Rotation Doesn't Allow The Poor Quality Of The Professionals - David Miller > Cricket News, cricinfo, mobilecric, cricbuzz, livescore and more

Cricket news - Rotation doesn't allow mediocrity in the squad - David Miller

Miller didn't feature in the final ODI against Pakistan.

David Miller, South Africa batsman, backed his team management's decision to rotate players in the final ODI against Pakistan, and believes that such a policy will ensure that mediocrity doesn't creep in their games.

Going into the decider of the five-match series in Cape Town, South Africa decided to rest Miller and test all their three all-round options - Andile Phehlukwayo, Dwaine Pretorius and Williem Mulder - as a part of their experiment process. Even as they won the game at Newlands comfortable, courtesy Quinton de Kock's brisk half-century, they did put the series at stake with a larger view of getting their best combination ahead of the world cup.

Miller backed the idea and said, "We've all committed to the bigger cause. We all want to win the World Cup as a country. If the selectors or coach or captain want to try out different guys, you've got to accept the decisions. That's something we've all committed to as a team. There's definitely a bigger picture. It's nice to have refreshed players as well. It doesn't allow mediocrity within the squad. You've constantly got to be on your A game."

The destructive southpaw, who has been in good form in the last couple of years, didn't have the best of outings in the series, returning with scores of 16, 31* and 4 but believes he is in a good space after getting some much-needed rest. With the Mzansi Super League following right after South Africa's tour of Australia, there was little rest for Miller.

"I feel really good, to be honest," Miller said. "I had three weeks off. I was in the gym quite a bit, ran a bit, and enjoyed my time off. I think mentally I was a little bit rundown towards the end of last year, but I had a good break and I feel it did me good. I've been training really hard, and I feel in a good space with my game. And there's a lot of cricket ahead, so I needed a bit of a break."

However, just before the Pakistan series, he had stroked a 108-ball 139, stitching a 252-run alliance with Faf du Plessis against Australia. Speaking of his century, Miller said, "All those kinds of performances go down as experience. At the end of the day, the next game is just as important. It's really nice to have had that, but it has come and gone."

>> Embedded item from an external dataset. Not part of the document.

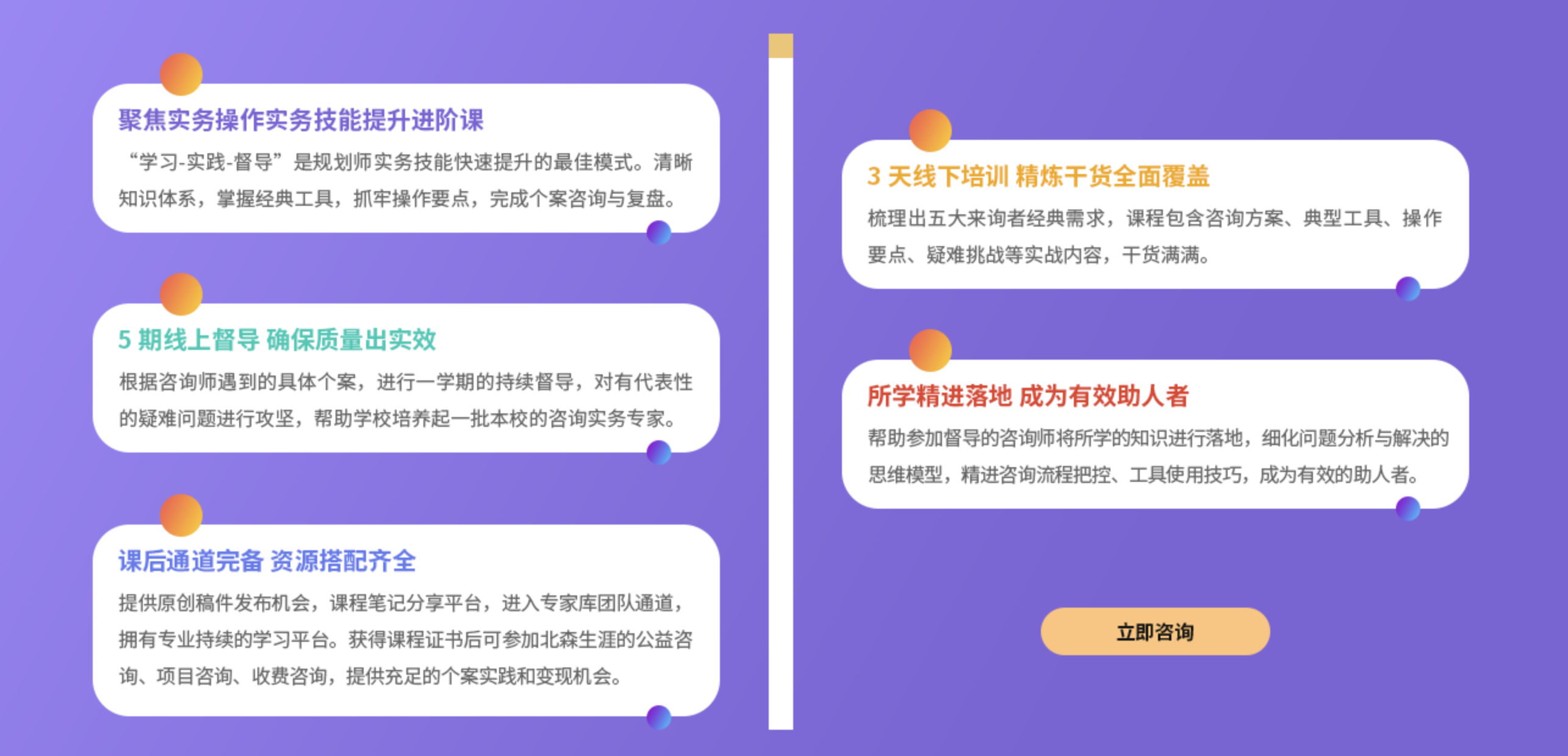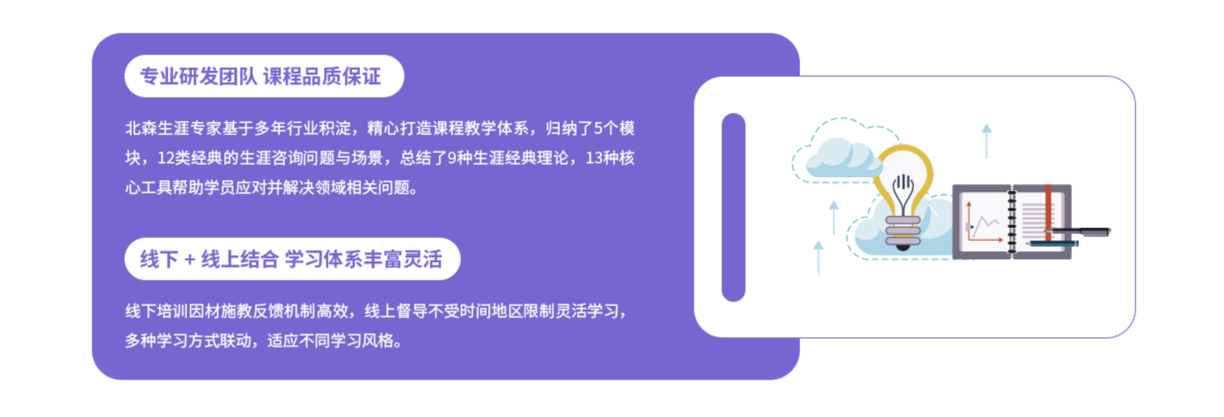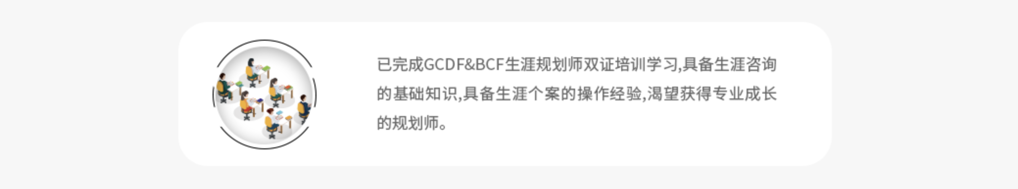 北森生涯的专业督导团队,十余年来坚持为20000余名受训的生涯规划师提供督导支持,在对1000+案例督导进行整合分析后,发现离校中很多新 手规划师存在共性的误区和常见问题c为了更好地支持高校生涯规划师针对不同需求的学生进行有效的方案设计,恰当地选择生涯规划的工具,并 保证操作时技术不变形等。基于大量学员的实务需求,北森生涯推出PCDF生涯规划实战训练营。

Over the years, Miller has established himself in the second half of the middle order, enhancing his reputation as a finisher. While his big hitting prowess gives him the much-required skill to essay that role, he believes, having spent so many years in that role has helped him adapt to the requirements better.

"It's pretty much been my career," he said. "You mould yourself around that and you've got to make it happen. That's something that I've been working on. You don't get it right every time, but that's the aim - to practice with the intention of finishing a game. Wanting those moments. That's been my role for many, many years and I take it onboard."

Even as the focus is on the 50-over format with the World Cup coming up, Miller isn't willing to rule out the importance of the upcoming T20I series against Pakistan, and believes that a good performances can help the players put themselves in the reckoning for a spot in the showpiece event this year in England.

"It's a different format, but every format you play for South Africa you do have an opportunity if you really excel to put up your hand in that sense," he said. "It is around to the corner to the World Cup, so I don't see why not, if someone does extremely well. Saying that, there have been a lot of guys getting chances over the last 18 months. It's definitely a good stepping stone for the World Cup.

"T20, globally, there's a lot of contracts around the world now. So as a youngster, if you do well in the international arena, it gives you the opportunity for other formats in South Africa, but also abroad as well. It creates a lot of opportunity."